Bloating, not boating. Boating is when you get into a boat and sail down the river. This is ‘bloating’!

When I’m demonstrating ways of transforming existing spreadsheets (ones that are currently doing an important job in the workflow of an accounting department), I’m often asked why I don’t use one of the canned features of Excel – particularly Power features such as Power Pivot and the new BI tools.

There’s a reason.

The aim is to transform an existing spreadsheet. And to do that with the minimum of disruption, and the minimum of departure from the users’ comfort zone.

This is easy if you have some code running when a button is clicked (most users don’t get disoriented by seeing a button appear on the sheet!).

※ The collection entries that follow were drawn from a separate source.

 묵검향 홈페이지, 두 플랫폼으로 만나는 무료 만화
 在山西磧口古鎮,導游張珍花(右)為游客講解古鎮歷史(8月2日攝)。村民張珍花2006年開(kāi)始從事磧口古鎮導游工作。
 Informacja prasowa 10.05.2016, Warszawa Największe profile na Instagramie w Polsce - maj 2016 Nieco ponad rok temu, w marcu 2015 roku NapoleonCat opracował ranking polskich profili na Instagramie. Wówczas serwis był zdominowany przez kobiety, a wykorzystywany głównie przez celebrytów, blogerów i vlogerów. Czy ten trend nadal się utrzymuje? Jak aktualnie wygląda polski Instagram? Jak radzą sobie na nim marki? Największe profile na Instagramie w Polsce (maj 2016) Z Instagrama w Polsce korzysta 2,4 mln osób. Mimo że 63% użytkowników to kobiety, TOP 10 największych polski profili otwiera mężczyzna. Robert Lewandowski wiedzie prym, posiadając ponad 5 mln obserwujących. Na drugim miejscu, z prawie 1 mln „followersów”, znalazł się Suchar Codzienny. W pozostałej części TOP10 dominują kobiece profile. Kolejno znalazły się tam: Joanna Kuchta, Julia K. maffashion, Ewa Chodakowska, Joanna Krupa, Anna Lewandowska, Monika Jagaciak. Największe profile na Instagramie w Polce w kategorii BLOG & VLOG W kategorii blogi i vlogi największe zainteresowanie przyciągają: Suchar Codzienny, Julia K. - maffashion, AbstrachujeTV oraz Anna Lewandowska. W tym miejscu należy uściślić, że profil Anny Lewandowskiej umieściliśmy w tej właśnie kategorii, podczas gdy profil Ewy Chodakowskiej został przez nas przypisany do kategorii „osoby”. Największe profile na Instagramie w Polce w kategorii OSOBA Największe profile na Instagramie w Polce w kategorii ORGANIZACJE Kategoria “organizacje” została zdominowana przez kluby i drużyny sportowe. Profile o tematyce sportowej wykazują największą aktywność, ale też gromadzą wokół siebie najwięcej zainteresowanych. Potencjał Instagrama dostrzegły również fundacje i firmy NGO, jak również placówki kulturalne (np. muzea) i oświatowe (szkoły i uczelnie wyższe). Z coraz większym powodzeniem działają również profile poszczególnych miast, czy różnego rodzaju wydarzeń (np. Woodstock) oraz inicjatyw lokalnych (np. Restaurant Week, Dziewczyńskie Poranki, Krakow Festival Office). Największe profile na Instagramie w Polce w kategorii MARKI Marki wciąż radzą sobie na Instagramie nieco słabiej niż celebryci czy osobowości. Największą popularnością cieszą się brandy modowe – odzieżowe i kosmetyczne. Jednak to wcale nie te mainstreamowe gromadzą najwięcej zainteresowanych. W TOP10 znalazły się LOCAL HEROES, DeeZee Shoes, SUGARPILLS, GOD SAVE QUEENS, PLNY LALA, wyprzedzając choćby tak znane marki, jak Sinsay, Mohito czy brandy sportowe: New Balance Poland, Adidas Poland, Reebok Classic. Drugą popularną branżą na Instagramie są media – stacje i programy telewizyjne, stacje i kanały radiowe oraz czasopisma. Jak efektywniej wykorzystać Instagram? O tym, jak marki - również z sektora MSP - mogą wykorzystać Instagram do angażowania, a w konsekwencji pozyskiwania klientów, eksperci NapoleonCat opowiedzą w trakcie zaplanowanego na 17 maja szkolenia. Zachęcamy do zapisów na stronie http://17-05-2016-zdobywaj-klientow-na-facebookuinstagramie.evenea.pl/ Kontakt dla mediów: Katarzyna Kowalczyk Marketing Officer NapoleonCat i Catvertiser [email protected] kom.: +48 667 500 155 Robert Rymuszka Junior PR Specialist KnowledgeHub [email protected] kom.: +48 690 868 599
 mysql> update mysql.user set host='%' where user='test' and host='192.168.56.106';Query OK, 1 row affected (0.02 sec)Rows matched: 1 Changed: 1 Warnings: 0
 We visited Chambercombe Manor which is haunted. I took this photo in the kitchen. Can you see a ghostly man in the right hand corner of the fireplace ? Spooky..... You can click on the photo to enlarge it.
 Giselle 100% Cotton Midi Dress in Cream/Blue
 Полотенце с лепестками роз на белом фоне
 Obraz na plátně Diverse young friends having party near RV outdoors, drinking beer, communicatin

Connecting to a data source with ADO and running a SQL query is also completely invisible to the user.

So, not only is this solution path (what I would call …) direct, it is also robust – there are few (fewest) moving parts.

Instead, when you let a major Excel feature get in on the act we have a major big thing right in the middle of the process. That would make users run for cover!

And why? What’s the actual advantage of Get and Transform (Power Query) for example when we can connect directly with ADO, and run a simple (they usually are almost always ‘simple’) SQL query?

In the Celebrity Chef example, for example, the key to the solution is that the data is collected outside the spreadsheet. This is necessary so that the Attendees’ menu selections (‘menu’ as in food!) get into our centrally located table. This is not so easy if the table is inside a spreadsheet, though not impossible – but why complicate it?

But, as always, I’m open to anyone convincing me that the added intervention of (1) Get and Transform and (2) a Pivot Table adds anything to the aim of keeping the transformation of a spreadsheet ‘lite on changes to user experience’.

Remember, we’re trying to Re-engineer, not Replace. Any major upheaval is heading towards Replace in the eyes of the users.

Until someone does convince me I shall file it under ‘solutions looking for problems’ when people ask me ‘why don’t you use X, Y or Z?’